No. Setting enableTaskOrchestration on an unsupported task type has no effect — it continues to use the standard one-shot generation flow.
What happens if I trigger an ad hoc run while a plan is already active?
The request is rejected with an error. Wait for the active plan to complete, or abort it using the DELETE /tasks/taskPlans/{planId} endpoint, before triggering again.
What happens if a scheduled (cron) trigger fires while a plan is active?
Unlike the ad hoc path, the scheduled trigger is silently skipped rather than rejected, and the scheduledTriggerActivePlanConflict metric is incremented.
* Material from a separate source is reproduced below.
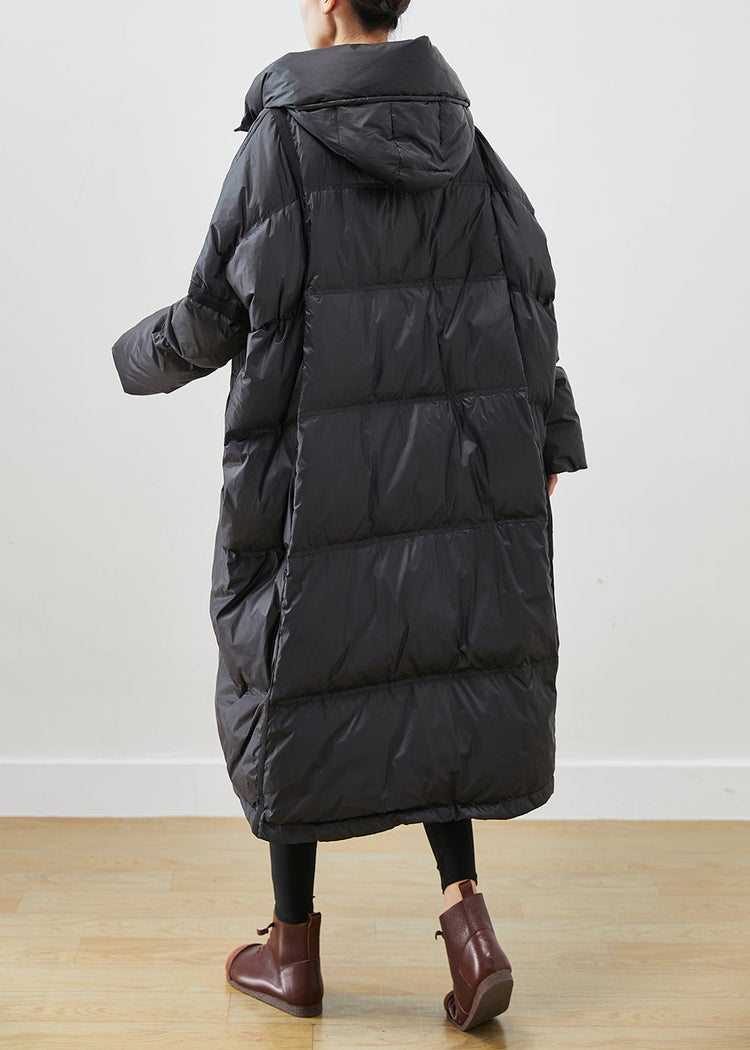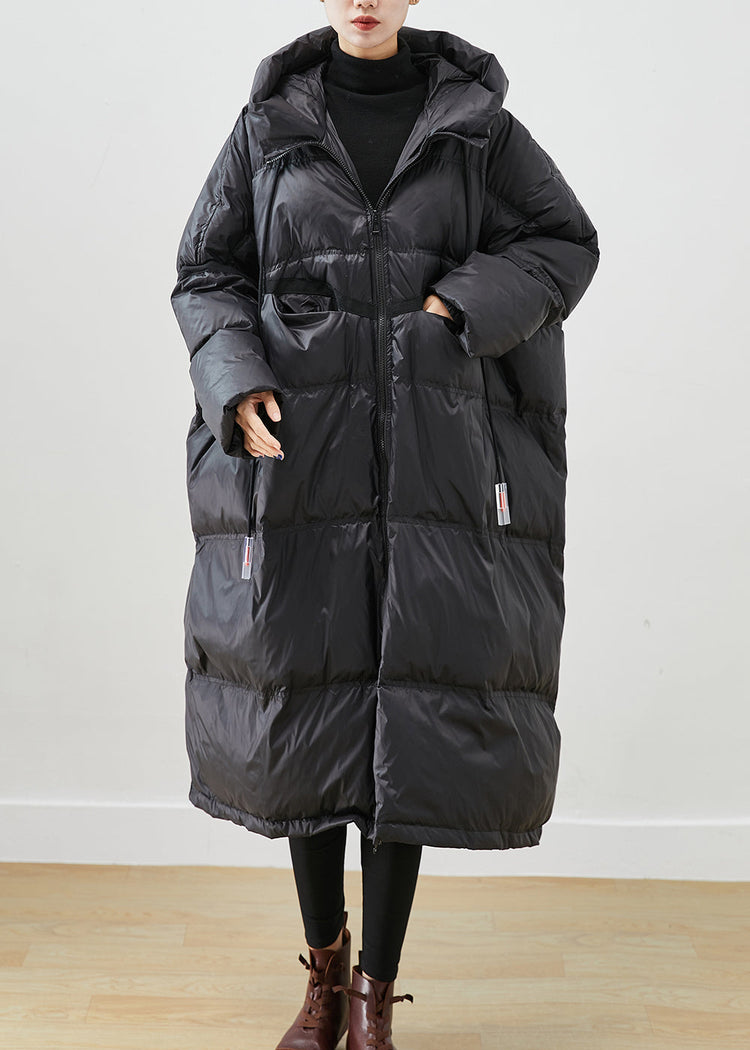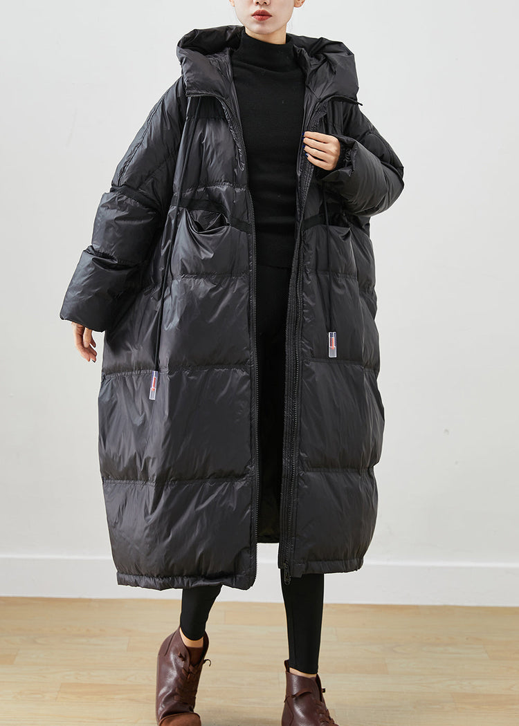 French Black Oversized Drawstring Duck Down Jacket In Winter

The existing plan is unaffected and continues to progress.
How do I stop an in-progress plan?
Call DELETE /tasks/taskPlans/{planId}. This moves the plan to ABORTING; any batch already running is allowed to finish, but no new batch is generated. Poll GET /tasks/taskPlans/isActive/{planId} until it reports the plan is no longer active.
How can I tell whether a task type supports orchestration?
Check the supported task types table. If a task type isn’t listed there, enabling enableTaskOrchestration for it has no effect.